Tomorrow's Cost (Final Update Book 3), page 9
“There we go,” Vaughn said. The man’s eyes were closed, and he no longer struggled against his restraints. Seconds later he opened his eyes.
“Hello,” said Vaughn.
“Hello,” came the answer slowly.
“I’m sure you are wondering where you are,” Vaughn said without hesitation. “It’s always the same. Amazing, how that is. We’re all told how unique and special we are, but when it comes to these kinds of experiences, everyone’s the same. The same questions. The same promises.”

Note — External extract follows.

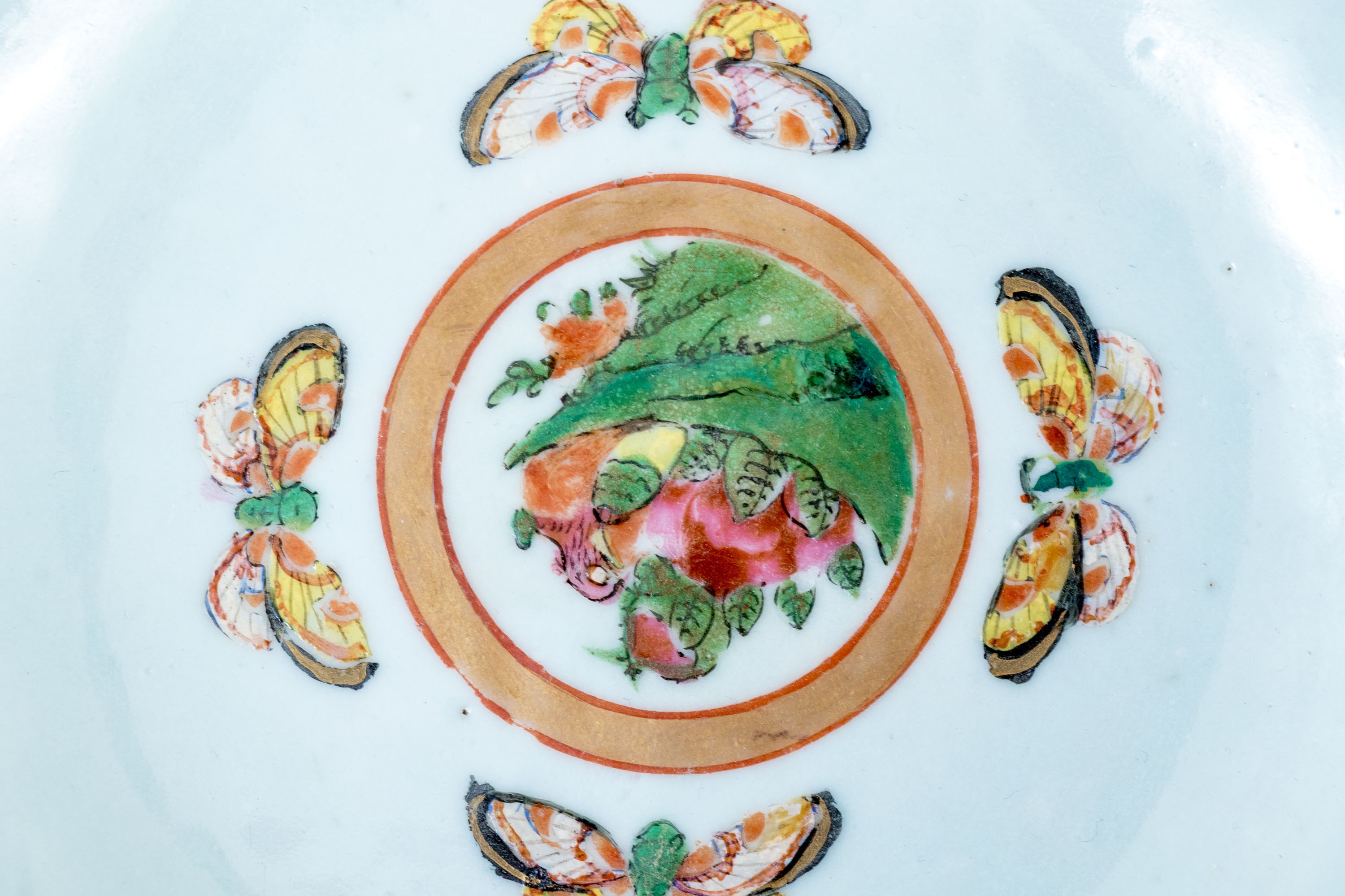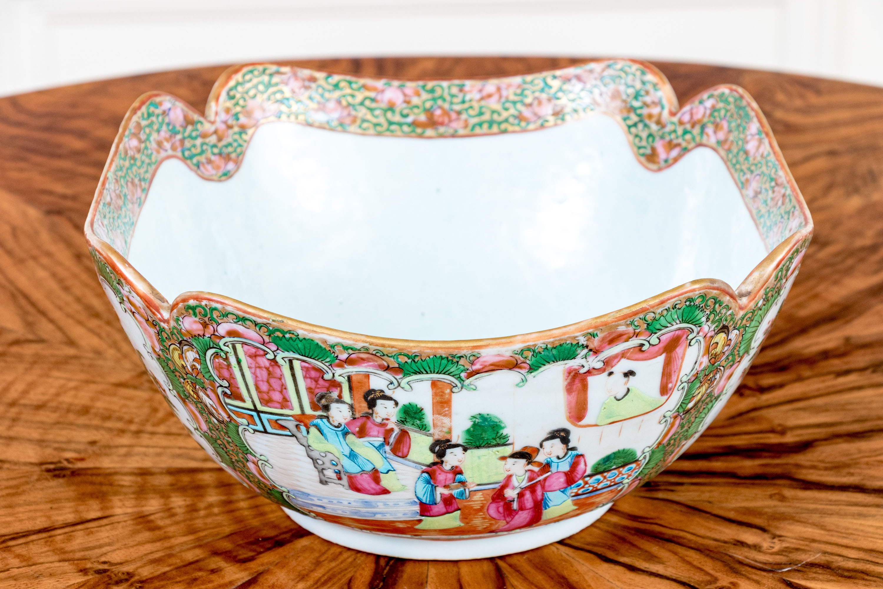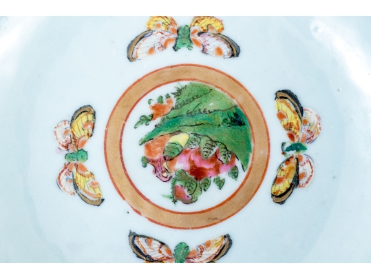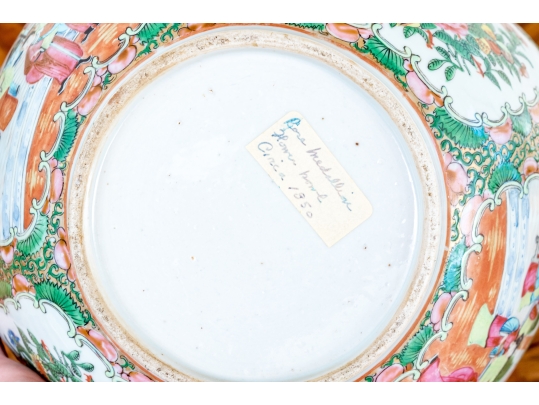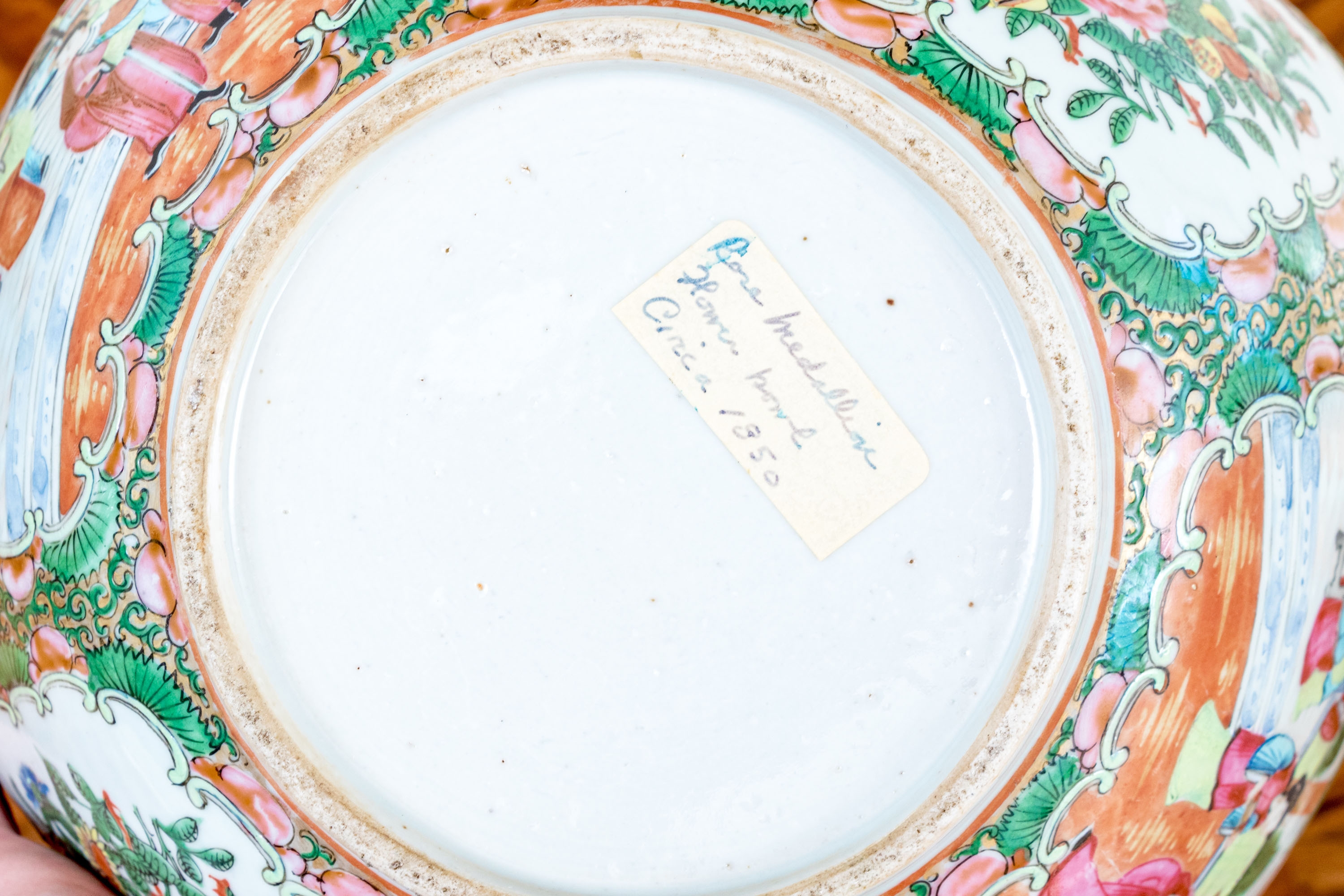 Antique Chinese export Rose Medallion bowl with central medallion surrounded by four butterflies. The interior scalloped border with florals and green scrolls on a gilt background. The exterior with four cartouche panels comprised of figures, birds, flowers, butterflies and fruits.

With a confused look on his face, the man said, “I don’t know where I am,” as if he was embarrassed to admit it.
“Let’s see,” Vaughn said coming closer. Vaughn reached forward and grabbed the man’s dog tags and read them. “You are Lieutenant Colonel John McMillan, United States Air Force.”
“That’s right,” he said.
Vaughn turned back to the wall monitor. “Fortunately, the Navy has kept scrupulous records. And despite their efforts to keep things separate, it wasn’t so hard to access the Army’s database as well.” Vaughn punched a few buttons on the console nearby and said, “Ah, here you are.”
He struck a final key, and the screen on the wall changed. There was the man’s face; he was in uniform, and below his picture was an extensive readout of his rank and credentials.
“Says here you were stationed at Malmstrom Air Force Base. Part of the 341st Missile Wing.”
“Yes, that’s correct,” the man answered. Then his expression changed. “Danny. And Suzanne. What about them? What happened to my—”
Vaughn exhaled slowly. “Always the same,” he whispered. “Okay. Here’s the deal,” Vaughn continued. “Here’s what you need to know. I’m going to give it to you. Then I’m going to expect you to give me what I want.”
The man’s expression didn’t change much as he seemed to continue recalling memories of who he had once been.
“I’m Doctor Vaughn Craig. I worked for the Navy and was stationed in a nuclear sub doing geological research. At least, when we weren’t playing G.I. Joe and conducting wargames. We were at the bottom of the Aegean Sea when the last DataMind update came through. I still can’t believe the Navy patched it through over an ELF transmission. What a waste.”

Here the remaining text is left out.